自动驾驶常用数据集KITTI使用指南之一——图像雷达数据融合_kitti数据集eval_odometry.php

对于自动驾驶环境感知算法的初学者而言，一辆搭载各类传感器的自动驾驶汽车或者数据采集平台并没有那么重要，甚至，由于国外早期自动驾驶研究学者的严谨态度，一些公开的数据集比自己采集的数据集在同步性、针对性和多数据融合的匹配度等方面更加优良。（相比于初学者，对于自动驾驶汽车的研发工程师而言，在实际工程应用中，就应该注意数据保存的同步性、传感器的布局等细节，以造福感知算法研发者。）本文以著名的KITTI数据集中的Visual Odometry / SLAM Evaluation 2012数据子集使用为例，介绍视觉图像与三维雷达数据的融合使用。（在此感谢卡尔斯鲁厄理工学院（KIT）为自动驾驶研究者做出的贡献）本篇所用的数据集详细下载地址为：http://www.cvlibs.net/datasets/kitti/eval_odometry.php 。需要提前下载的数据集包括：image color、velodyne laser data、calibration files（此数据面向视觉里程计VO算法开发）。需要注意的问题是：KITTI数据集的坐标系为右手系，相对于车体局部坐标系而言，X轴为车辆行进前向，Y轴为横向，Z轴向上。

KITTI官网中有关于数据融合的matlab源码，但是对于以上数据集，并不能直接拿来用。原因在于给定的kit source code是以原始未矫正图像数据为处理对象，而文中的VO数据集是以矫正后的图像作为输入，因而内容处理上有所不同，需要进行相应的修改。本篇中matlab源代码参照了devkit中matlab源码设计，以devkit_odometry中readme.txt为依据，进行了代码的修改，下文为readme.txt中内容，可参阅。

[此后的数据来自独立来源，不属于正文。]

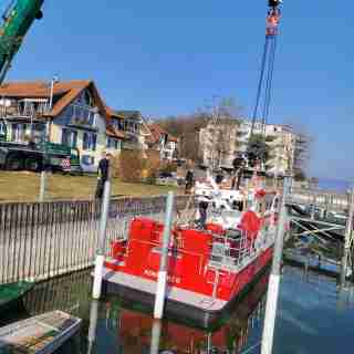 Am 25.03.2022 konnten die Arbeiten erfolgreich abgeschlossen und die Feuerlöschboote wieder Einsatzbereit in den Bodensee eingewassert werden. Amtsleiter Bernd Roth war hierbei ebenfalls vor Ort und dankte allen Helfern der beteiligten Feuerwehren und Firmen für die gute Zusammenarbeit.
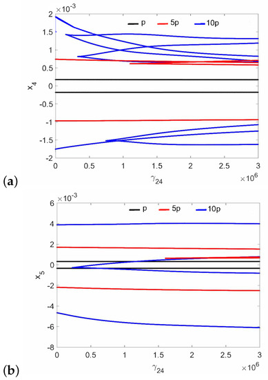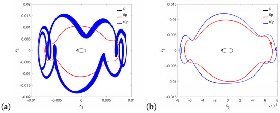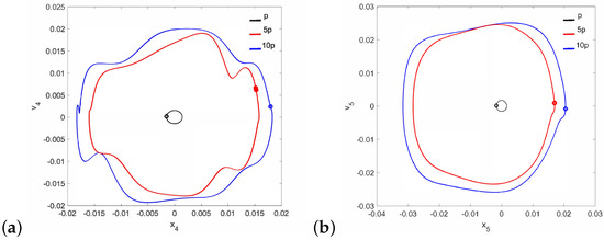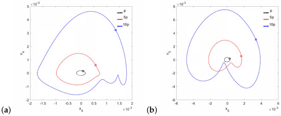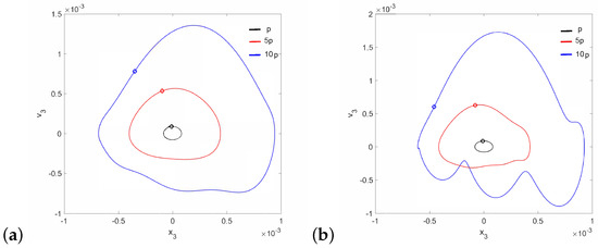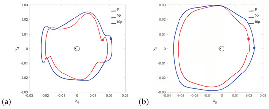 Regular attractors of the stapes motion are shown in Figure 4. Nevertheless, some symptoms of polyharmonic motion are observed in Figure 4b (the blue curve). A similar behavior pattern can be visible for the can and the magnet of the FMT in Figure 5, while an increase in causes the phenomenon of attractor crossing for the excitation values of and (Figure 6). Interestingly, the period of vibration remains the same and equals 1T, which corresponds to the excitation frequency.
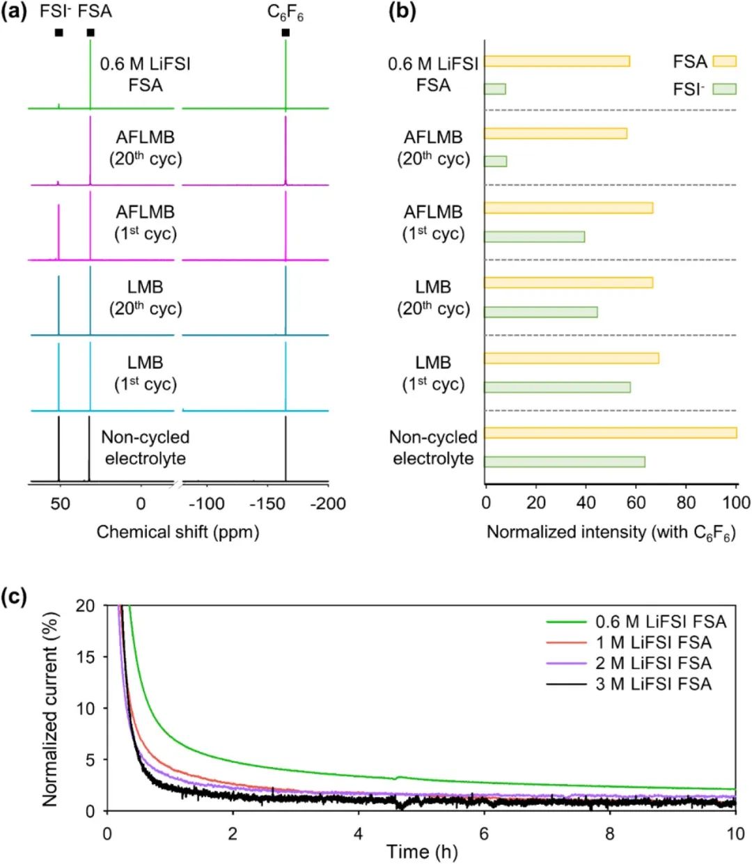 圖3. (a) 0.6 M LiFSI FSA 電解質(zhì)、非循環(huán)電解質(zhì)、AFLMB 和 LMB 與 3 M LiFSI FSA 電解質(zhì)經(jīng)過(guò) 1 個(gè)和 20 個(gè)循環(huán)后的 19F NMR 光譜。(b) 19F NMR 光譜中 FSI 陰離子和 FSA 溶劑峰的綜合面積,使用 (a) 19F NMR 光譜中 C6F6 的內(nèi)部參考進(jìn)行歸一化。(c) Cu/NCM811 電池在 25 °C預(yù)循環(huán)后,在 4.25 V 下進(jìn)行的電化學(xué)浮動(dòng)測(cè)試。

###########################################################################
#   THE KITTI VISION BENCHMARK SUITE: VISUAL ODOMETRY / SLAM BENCHMARK    #
#              Andreas Geiger    Philip Lenz    Raquel Urtasun            #
#                    Karlsruhe Institute of Technology                    #
#                Toyota Technological Institute at Chicago                #
#                             www.cvlibs.net                              #
###########################################################################
 
This file describes the KITTI visual odometry / SLAM benchmark package.

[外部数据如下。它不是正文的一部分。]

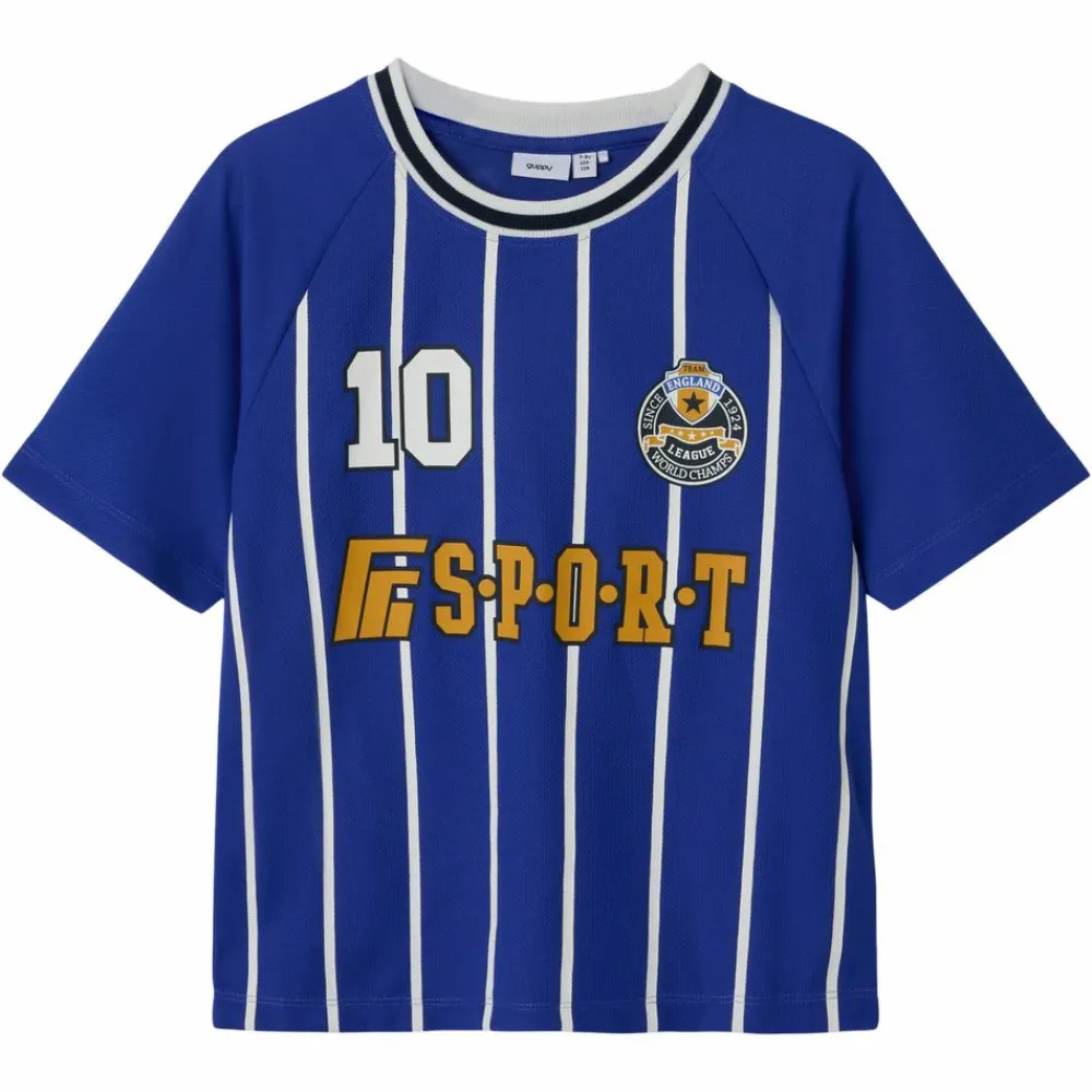 Sporty t-shirt i en åndbar mesh kvalitet. T-shirten har en rund halsudskæring i stribet rib, samt et cool print og lodrette striber. Perfekt til hverdagsbrug eller til sport.
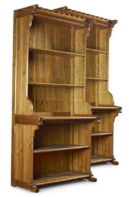 PAIR OF VICTORIAN GOTHIC PINE OPEN BOOKCASES
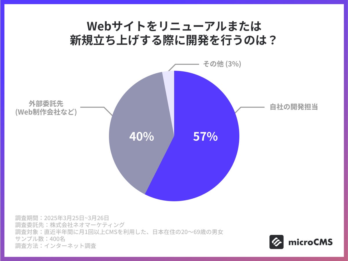 Webサイトの立ち上げ・リニューアルの開発は自社対応が約6割に対し、外部委託は約4割

Accurate ground truth (<10cm) is provided by a GPS/IMU system with RTK
float/integer corrections enabled. In order to enable a fair comparison of
all methods, only ground truth for the sequences 00-10 is made publicly
available. The remaining sequences (11-21) serve as evaluation sequences.
 
NOTE: WHEN SUBMITTING RESULTS, PLEASE STORE THEM IN THE SAME DATA FORMAT IN
WHICH THE GROUND TRUTH DATA IS PROVIDED (SEE 'POSES' BELOW), USING THE
FILE NAMES 11.txt TO 21.txt. CREATE A ZIP ARCHIVE OF THEM AND STORE YOUR
RESULTS IN ITS ROOT FOLDER.
 
File description:
=================
 
Folder 'sequences':
 
Each folder within the folder 'sequences' contains a single sequence, where
the left and right images are stored in the sub-folders image_0 and
image_1, respectively. The images are provided as greyscale PNG images and
can be loaded with MATLAB or libpng++. All images have been undistorted and
rectified. Sequences 0-10 can be used for training, while results must be
provided for the test sequences 11-21.
 
Additionally we provide the velodyne point clouds for point-cloud-based
methods. To save space, all scans have been stored as Nx4 float matrix into
a binary file using the following code:
 
  stream = fopen (dst_file.c_str(),"wb");
  fwrite(data,sizeof(float),4*num,stream);
  fclose(stream);
 
Here, data contains 4*num values, where the first 3 values correspond to
x,y and z, and the last value is the reflectance information. All scans
are stored row-aligned, meaning that the first 4 values correspond to the
first measurement. Since each scan might potentially have a different
number of points, this must be determined from the file size when reading
the file, where 1e6 is a good enough upper bound on the number of values:
 
  // allocate 4 MB buffer (only ~130*4*4 KB are needed)
  int32_t num = 1000000;
  float *data = (float*)malloc(num*sizeof(float));
 
  // pointers
  float *px = data+0;
  float *py = data+1;
  float *pz = data+2;
  float *pr = data+3;
 
  // load point cloud
  FILE *stream;
  stream = fopen (currFilenameBinary.c_str(),"rb");
  num = fread(data,sizeof(float),num,stream)/4;
  for (int32_t i=0; i<num; i++) {
    point_cloud.points.push_back(tPoint(*px,*py,*pz,*pr));
    px+=4; py+=4; pz+=4; pr+=4;
  }
  fclose(stream);
 
x,y and y are stored in metric (m) Velodyne coordinates.
 
IMPORTANT NOTE: Note that the velodyne scanner takes depth measurements
continuously while rotating around its vertical axis (in contrast to the cameras,
which are triggered at a certain point in time). This effect has been
eliminated from this postprocessed data by compensating for the egomotion!!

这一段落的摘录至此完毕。